I wouldn't want to add a convenience method which makes the wrong thing much easier than the right thing.

@bakkot I understand your concern, however, given the design of fetch and AbortSignal, it's already much, much easier to do the wrong thing than the right thing in a lot of contexts. Consider the following approaches of doing this same sort of lookahead search:

Naive approach

This is the sort of thing most people will opt for today.
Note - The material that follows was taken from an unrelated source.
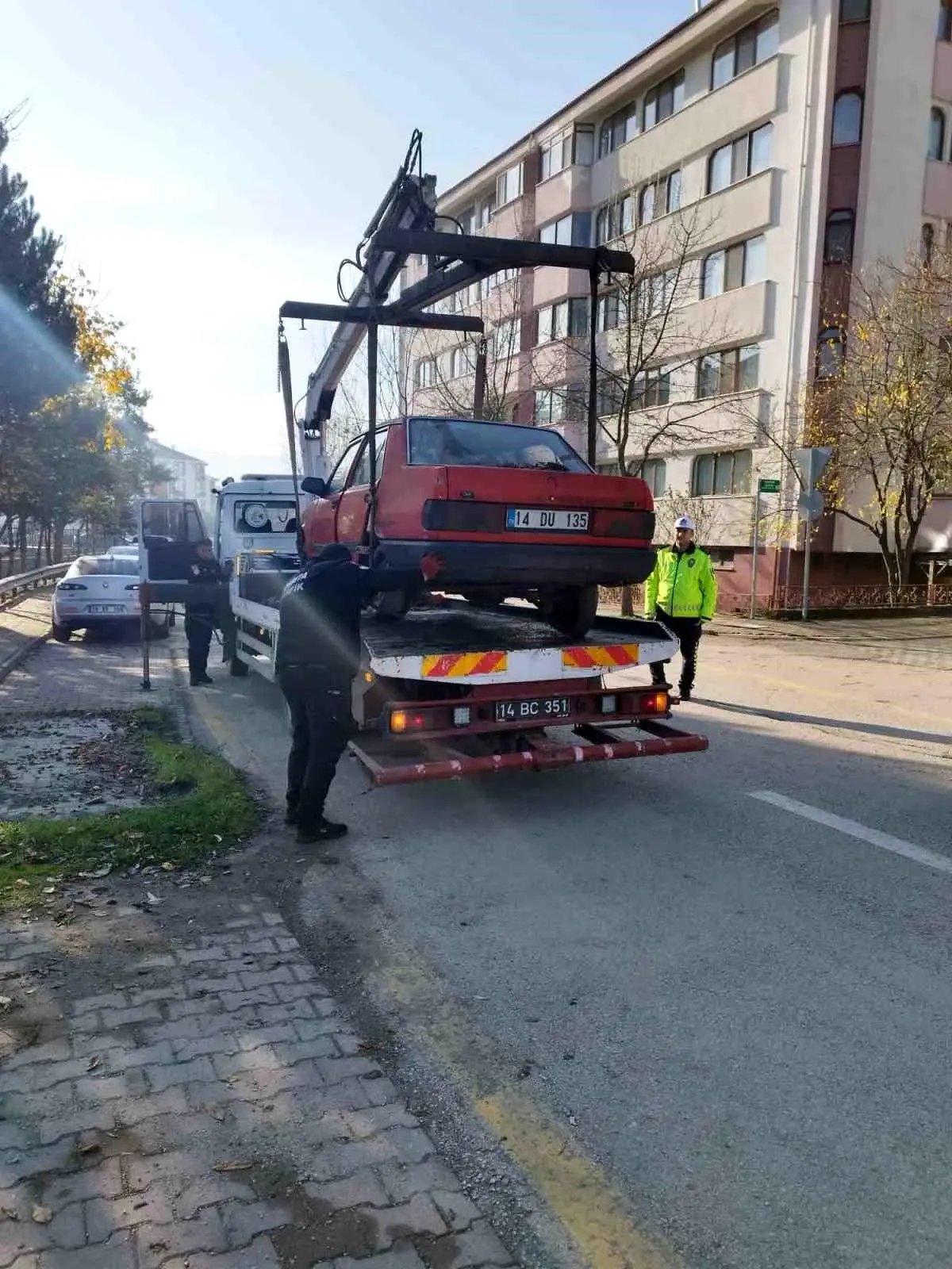 Bolu İl Emniyet Müdürlüğü Trafik Tescil ve Denetleme Şube Müdürlüğü ekipleri, cadde ve sokaklarda aylardır terk edilmiş durumda bulunan araçları tespit etti. Trafik polislerinin koordinesinden, trafik zabıtası ekipleri, düzenlenen tutanaklarla araçların kaldırılması işlemini başlattı. Zabıta ekiplerinin araç kaldırma vinçleriyle yapılan çalışmada, tespit edilen hurda araçlar tek tek toplandı. Şehir genelinde süren çalışmada toplanan araçlar, yediemin otoparkına götürüldü. Şehir merkezinin yanı sıra mahalle aralarında da devam edeceğini belirterek, uzun süre aynı noktada park edilmiş, hasarlı veya terk edilmiş araçların trafik düzenini bozduğunu ve kaldırılacağını öğrenildi. - BOLU

In part because the dance around AbortSignal and AbortError is a little fiddly, and also in part because in many cases people just don't care if they eat the perf hit of not aborting the fetch.

let currentSearch = '';
searchInput.addEventListener('input', async (e) => {
  const searchText = e.target.value;
  if (searchText !== currentSearch) {
    currentSearch = searchText;
    const response = await fetch(`/search?q={searchText)`);
    if (currentSearch !== searchText) return;

    if (response.ok) {
      const results = await response.json();
      if (currentSearch !== searchText) return;
      resultsList.innerHTML = results
        .map(result => `<li><a href="${result.href}">${result.text}</a></li>`)
        .join('');
    }
  }
});

Raw AbortSignal Approach

This is what you'd have to do today to do things the "correct" way using AbortSignal.

let ac;
let currentSearch = '';
searchInput.addEventListener('input', async (e) => {
  const searchText = e.target.value;
  ac?.abort();
  if (searchText !== currentSearch) {
    currentSearch = searchText;
    ac = new AbortController();
    try {
      const response = await fetch(`/search?q={searchText)`, { signal: ac.signal });

      if (response.ok) {
        const results = await response.json();
        resultsList.innerHTML = results
          .map(result => `<li><a href="${result.href}">${result.text}</a></li>`)
          .join('');
      }
    } catch (error) {
      if (error?.name !== 'AbortError') {
        throw error;
      }
    }
  }
});

Observables With Naive switchMap

Here we're emulating the naive approach above, just with observables.

let currentSearch = '';
searchInput.on('input')
  .map(e => e.target.value)
  .filter(searchText => searchText !== currentSearch)
  .switchMap(async (searchText) => {
    currentSearch = searchText;
    const response = await fetch(`/search?q={searchText)`);

    if (response.ok) {
      return await response.json();
    }
  })
  .subscribe((results) => {
    if (results) {
      resultsList.innerHTML = results
        .map(result => `<li><a href="${result.href}">${result.text}</a></li>`)
        .join('');
    }
  })

Observable With "Abort Aware" switchMap

In this implementation, switchMap provides an argument that is an AbortSignal that would abort when the "switch" occurred. switchMap would also be aware that errors that are AbortErrors can be handled gracefully, for ergonomic reasons.

Notice it's barely different than the naive observable approach above.

let currentSearch = '';
searchInput.on('input')
  .map(e => e.target.value)
  .filter(searchText => searchText !== currentSearch)
  .switchMap(async (searchText, i, signal) => { //<-- 
    currentSearch = searchText;
    const response = await fetch(`/search?q={searchText)`, { signal }); // <--

    if (response.ok) {
      return await response.json();
    }
  })
  .subscribe((results) => {
    if (results) {
      resultsList.innerHTML = results
        .map(result => `<li><a href="${result.href}">${result.text}</a></li>`)
        .join('');
    }
  })
tabatkins commented 8 months ago

Yup, I was about to type up a similar (tho much less detailed) response - the lack of a switchMap makes an even more wrong implementation the easiest thing to do, with worse results for the user. Thinking about how we can make this pattern even better is very useful, but we shouldn't discard it just because it's not perfect. The pattern it's addressing will be written anyway, just wrongly.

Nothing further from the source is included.